Spaces:
Sleeping
A newer version of the Gradio SDK is available:
5.29.0
title: TTS Streaming
emoji: 📈
colorFrom: gray
colorTo: red
sdk: gradio
sdk_version: 5.25.2
app_file: app.py
pinned: false
license: mit
Malayalam TTS with IndicF5
This application provides a Text-to-Speech (TTS) service for Malayalam language using the IndicF5 model from AI4Bharat. It includes both a FastAPI backend for programmatic access and a Gradio interface for interactive use.
Features
- Malayalam Text-to-Speech conversion
- Voice cloning from a reference audio
- Streaming generation for long text
- Audio quality enhancement
- Both API and web interface
- Docker support for easy deployment
Installation
Option 1: Local Installation
Clone this repository:
git clone https://github.com/yourusername/malayalam-tts.git cd malayalam-tts
Install dependencies:
pip install -r requirements.txt
(Optional) Set your Hugging Face token as an environment variable to access gated models:
export HF_TOKEN=your_hugging_face_token
Run the application:
python app.py
Option 2: Docker Installation
Build the Docker image:
docker build -t malayalam-tts --build-arg HF_TOKEN=your_hugging_face_token .
Run the container:
docker run -p 8000:8000 malayalam-tts
Usage
Web Interface
Access the Gradio web interface at http://localhost:8000/
- Enter Malayalam text in the input box
- Click "Generate Speech"
- Wait for the generation to complete
- Listen to or download the generated speech
API Endpoints
The application provides the following API endpoints:
POST /tts
- Request body:
{"text": "മലയാളം ടെക്സ്റ്റ്"}
- Response:
{"task_id": "unique_id", "message": "TTS generation started"}
- Request body:
GET /status/{task_id}
- Check the status of a generation task
- Response:
{"status": "processing|completed|error", "progress": 75.0}
GET /audio/{task_id}
- Download the generated audio file
- Returns WAV file when generation is complete
GET /audio/{task_id}/base64
- Get the audio as a base64 encoded string
- Response:
{"audio_base64": "base64_encoded_string"}
Example API Usage
import requests
import time
import base64
import json
# Start TTS generation
response = requests.post(
"http://localhost:8000/tts",
json={"text": "നമസ്കാരം, എങ്ങനെ ഉണ്ട്?"}
)
task_id = response.json()["task_id"]
# Poll until complete
while True:
status = requests.get(f"http://localhost:8000/status/{task_id}").json()
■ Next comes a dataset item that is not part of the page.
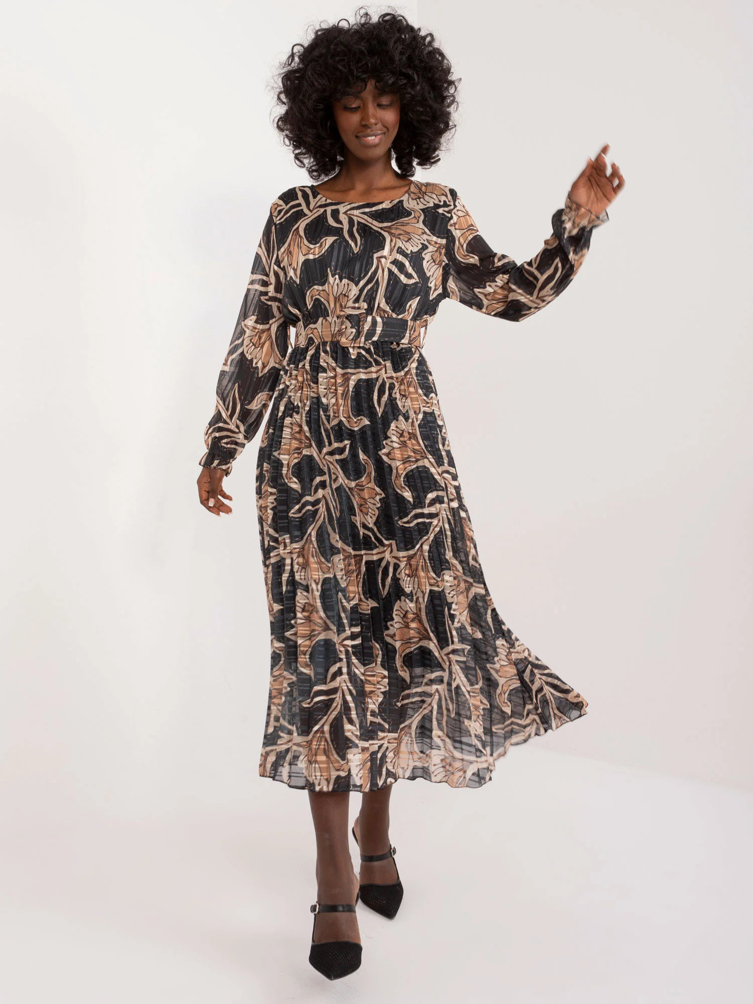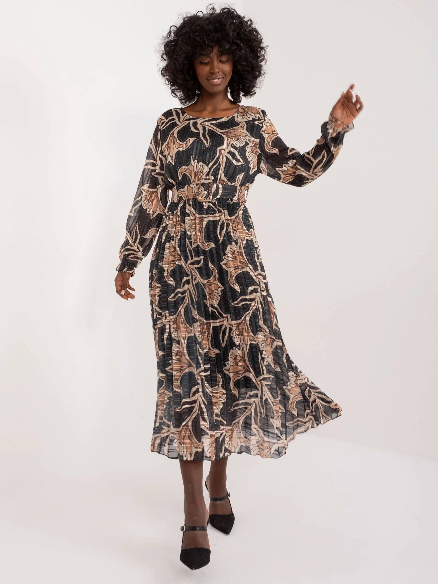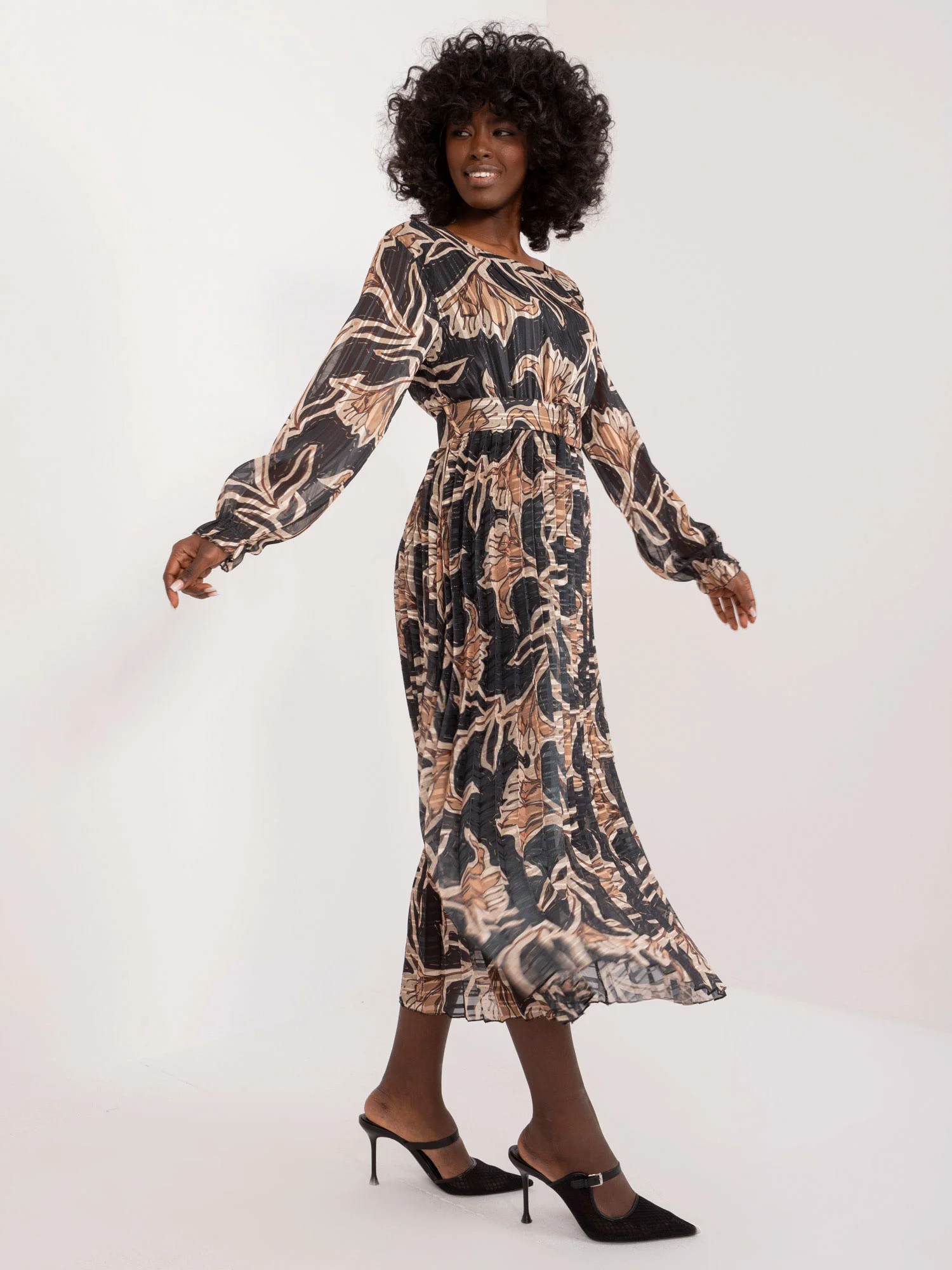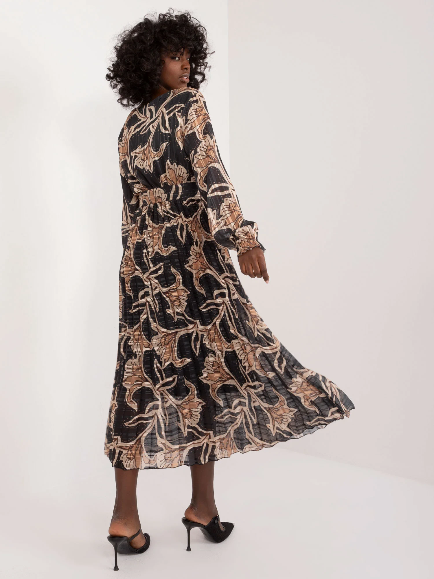 Rozměry šatů v jedné velikosti měřené na plocho: šířka v podpaží - 45 cm, délka rukávu - 59 cm, celková délka - 125 cm.

print(f"Status: {status['status']}, Progress: {status.get('progress', 0)}%")
if status["status"] == "completed":
break
elif status["status"] == "error":
print(f"Error: {status.get('error_message')}")
break
time.sleep(1)
# Download audio
with open("output.wav", "wb") as f:
audio = requests.get(f"http://localhost:8000/audio/{task_id}")
f.write(audio.content)
print("Audio saved to output.wav")
Model Information
This application uses the IndicF5 model from AI4Bharat, which is a text-to-speech model supporting multiple Indic languages including Malayalam.
Audio Processing
The application includes several audio processing techniques to improve quality:
- Noise reduction
- Amplitude normalization
- Gentle compression and limiting
- Smoothing to reduce artifacts
Environment Variables
PORT
- Port for the server (default: 8000)HF_TOKEN
- Hugging Face token for accessing gated modelsHF_HUB_DOWNLOAD_TIMEOUT
- Timeout for model downloads (default: 300 seconds)
Troubleshooting
Model loading issues
- Ensure you have enough disk space for the model (~1.5 GB)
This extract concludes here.